Pereira – Um profissional bom e competente para mim é a junção de uma série de itens, mas existe um aspecto muito importante que é o vocacional. Você precisa gostar de gente, esse é o ponto número 1. Uma pessoa que trabalha nessa área precisa ter algumas habilidades além de possuir o fator inteligência emocional muito elevado. Se as pessoas não desenvolvem um bom relacionamento interpessoal não é possível que exijam isso dos outros. Além disso, eu acredito que o bom humor é um elemento fundamental para trabalhar nessa área, eu procuro disseminá-lo.
Empregos.com.br – Em nenhum momento confundiram o seu bom humor com uma gestão um pouco solta demais?
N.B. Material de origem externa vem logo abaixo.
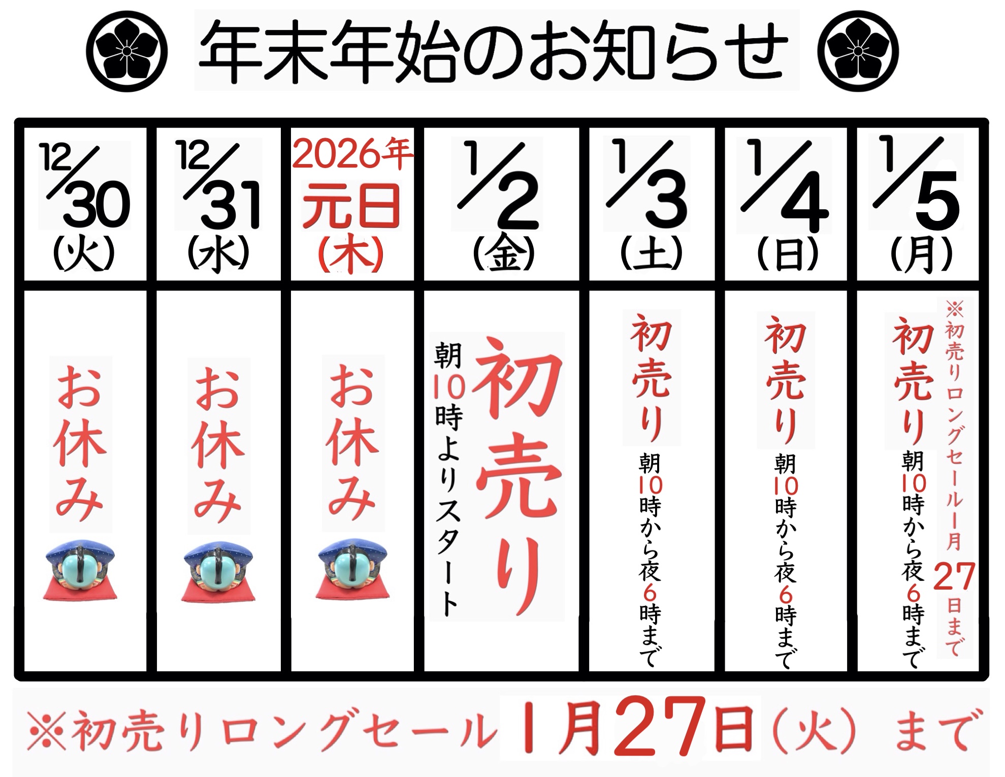 2025年もありがとうございました。 12月30日〜1月1日 お休みとさせて…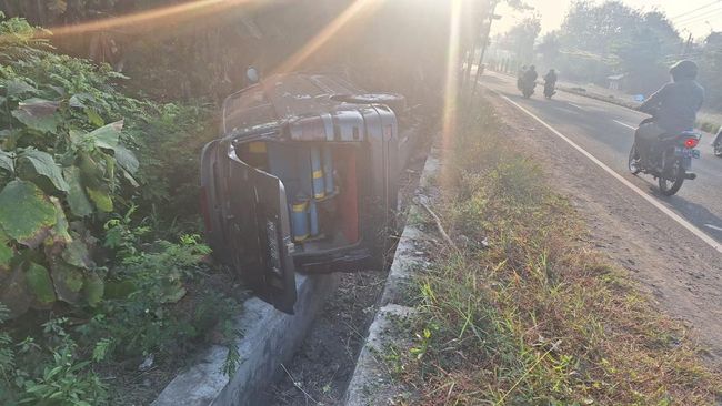 Akibatnya mobil keluar jalur hingga terguling dan masuk ke dalam selokan. "Sampai TKP yang berupa jalan menikung ke kanan, mobil lepas kendali berjalan terlalu ke kiri hingga menabrak paku jalan dan terguling ke selokan sebelah kiri jalan," jelasnya.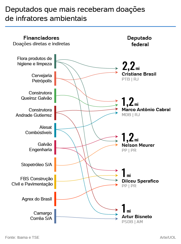 Receber essas doações não é crime nem é vedado pela Justiça Eleitoral. Mas a grande proporção de financiadores-infratores pode chamar a atenção, em especial quando se trata de uma legislatura que aprovou projetos criticados por seus impactos ao meio ambiente. Caso da “MP da Grilagem”, como ficou conhecida a medida provisória que facilita a regularização de áreas públicas invadidas. Assim como das votações que reduziram a proteção da Floresta Nacional do Jamanxim (PA) e de dois parques nacionais.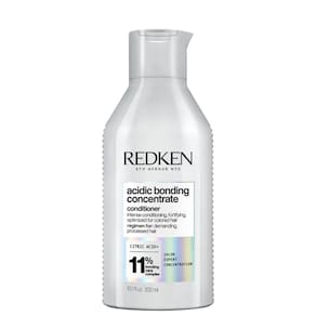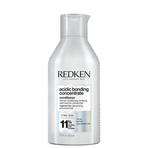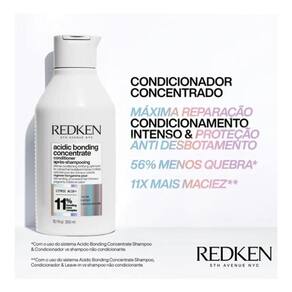 Redken Acidic Bonding ConcentrateCondicionador para cabelos secos e danificados. Redken Acidic Bonding Concentrate reforça as ligações enfraquecidas, protege e fortalece os fios.O Condicionador Redken Acidic Bonding Concentrate é enriquecido com um sistema de reparação concentrado, desenvolvido para cabelos secos e danificados. Sua ação oferece o máximo em reparação, força, condicionamento intenso e proteção contra o desbotamento da cor do cabelo, além de ajudar a equilibrar o pH para um cabelo mais saudável.Existem inúmeras maneiras de danificar os cabelos: processos químicos, exposição ao sol e por processos de aquecimento, como secadores de cabelos e pranchas. Este condicionador é o 2º passo de 3 etapas de um sistema de reparação de danos. Sua fórmula contém ácido cítrico e Redken Bonding Complex, ativos que promovem resultados instantaneamente visíveis. O uso do sistema completo Redken Acidic Bonding Concentrate resulta em 82% menos pontas duplas, 56% menos quebra e 11x mais maciez.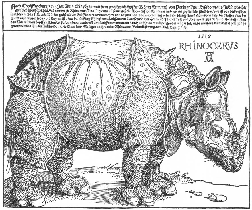 Albrecht Durer does manage to come into play here, if not for some of his trees or the bits of string that he renders holding other bits aloft, but for his famous if not-terribly-original rhinoceros, which he had never seen though which he had seen images of, and for which he had taken the trouble to include the beast's chin hairs: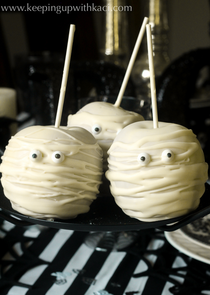 If you’re looking for something less spooky, these cute pumpkin pretzels are as easy as they are cute. Embellish orange coated pretzels with sprinkles and a green M&M or candy-coated sunflower seed as the finishing touch. Click here to see how Simply As That blog, gave their pumpkin pretzels personality by adding faces.
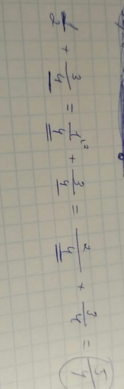 вот первых надо привести к общему знаменателю, например: 1/2+3/4
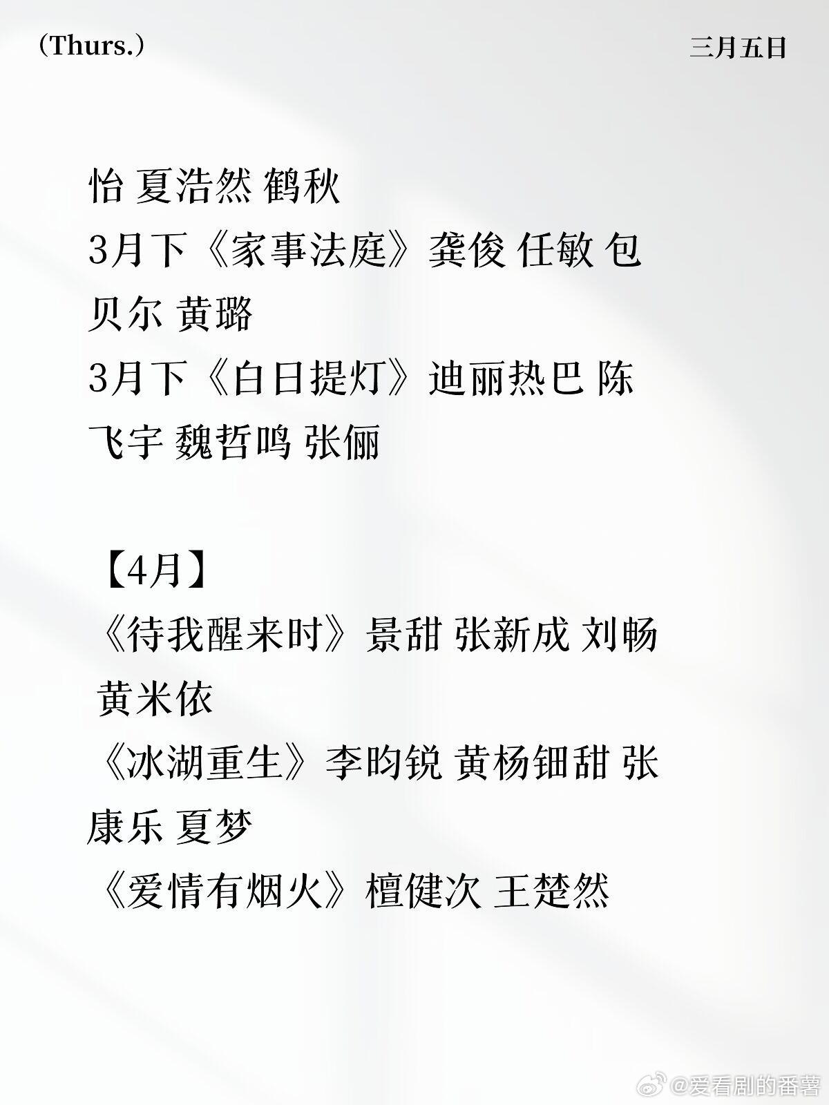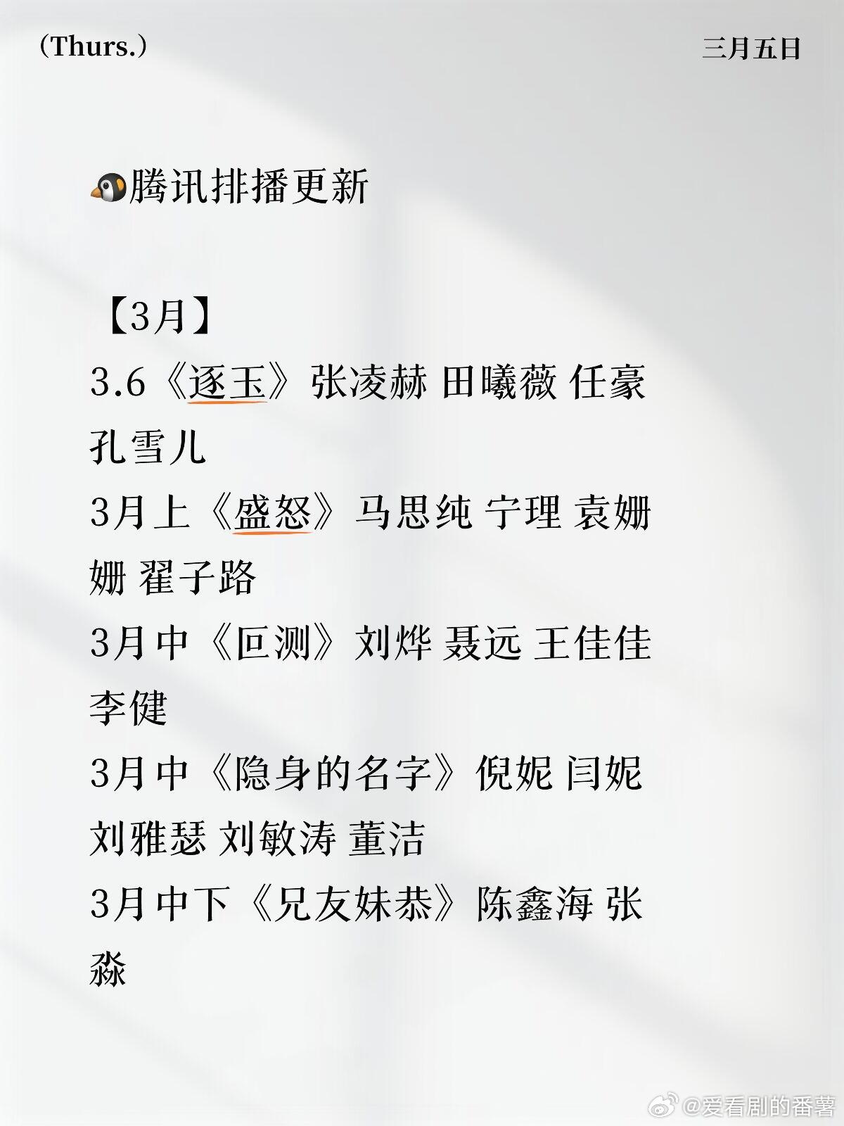 🐧腾讯排播更新【3月】3.6《逐玉》张凌赫 田曦薇 任豪 孔雪儿3月上《盛怒》马思纯 宁理 袁姗姗 翟子路3月中《叵测》刘烨 聂远 王佳佳 李健3月中《隐身的名字》倪妮 闫妮 刘雅瑟 刘敏涛 董洁3月中下《兄友妹恭》陈鑫海 张淼怡 夏浩然 鹤秋3月下《家事法庭》龚俊 任敏 包贝尔 黄璐3月下《白日提灯》迪丽热巴 陈飞宇 魏哲鸣 张俪【4月】《待我醒来时》景甜 张新成 刘畅 黄米依《冰湖重生》李昀锐 黄杨钿甜 张康乐 夏梦《爱情有烟火》檀健次 王楚然《蜜语纪》钟汉良 朱珠 李梦 经超《方圆八百米》许凯 丁勇岱 邓恩熙《小芳出嫁》王影璐 辛云来 颖儿 范明

Pereira – Eu acabo sendo durão na hora que precisa. Mas eu acho que o humor é essencial para esse relacionamento interpessoal. E nisso está uma dosagem certa, porque não adianta nada ser uma pessoa bem humorada e não passar credibilidade. Eu alio essas características e vem dando certo. Os profissionais de outras áreas acabam buscando em mim um coaching , e para isso acontecer você tem que ter credibilidade.
Empregos.com.br – Quais são seus principais motivos de estudo atualmente?
Pereira – Eu tenho duas questões. Uma é a questão conceitual e prática que me persegue há algum tempo, eu até debato muito com uns amigos e consultores de mercado, que é a questão do poder e liderança dentro da empresa. A meu ver são elementos determinantes que explicam muita coisa dentro de uma organização. Líderes sem poder não existem, mas às vezes a denominação líder não cabe a pessoas que exercem a função de chefe. Toda essa relação influencia no mapa cultural da organização e me interessa grandemente. Um outro ponto é a questão mais instrumental, na qual entram diversos paradigmas difíceis de serem modificados, exemplo disso é a questão de cargos. Como posso extinguir cargos das organizações? Eu acho que cargo é um conceito velho, uma unidade referencial que já não está fazendo mais sentido, principalmente se você tiver uma gestão por competências competente.
Empregos.com.br – Qual seria o maior implicador nesse trabalho de rever paradigmas?
Pereira – Eu acho que o maior implicador esteja em questões de legislação trabalhista. Mas é um paradigma que eu gostaria de quebrar. E outro assunto relevante, que me intriga muito, é a questão do behaviorismo nas empresas. Nisso eu coloco o trato com as pessoas, esse eu acho que vou me aposentar e não será resolvido. Acreditar que as pessoas são movidas sempre por estímulos externos não promove o crescimento e a independência delas. A questão do prêmio e castigo é algo que precisa ser mudado. Esses são pontos que procuro estudar e trabalhar com a minha equipe.
Empregos.com.br – Quais são os planos futuros de Milton Pereira?
Pereira – Ao falarmos da Serasa, após esse processo de aquisição, temos um desafio muito grande que é o management da empresa. O nosso desafio é continuar debatendo com o novo presidente toda essa filosofia de gestão de pessoas que falei no decorrer da entrevista. O que nos deixa muito alegres é o fato desse pensamento estar bem entendido e também fazer parte também da filosofia do novo presidente. Estamos entusiasmados com o que está por vir. Pessoalmente, procuro preparar sucessores, pois temos que ter pessoas preparadas para tocarem os projetos. Agora, aposentar de tudo, jamais (risos).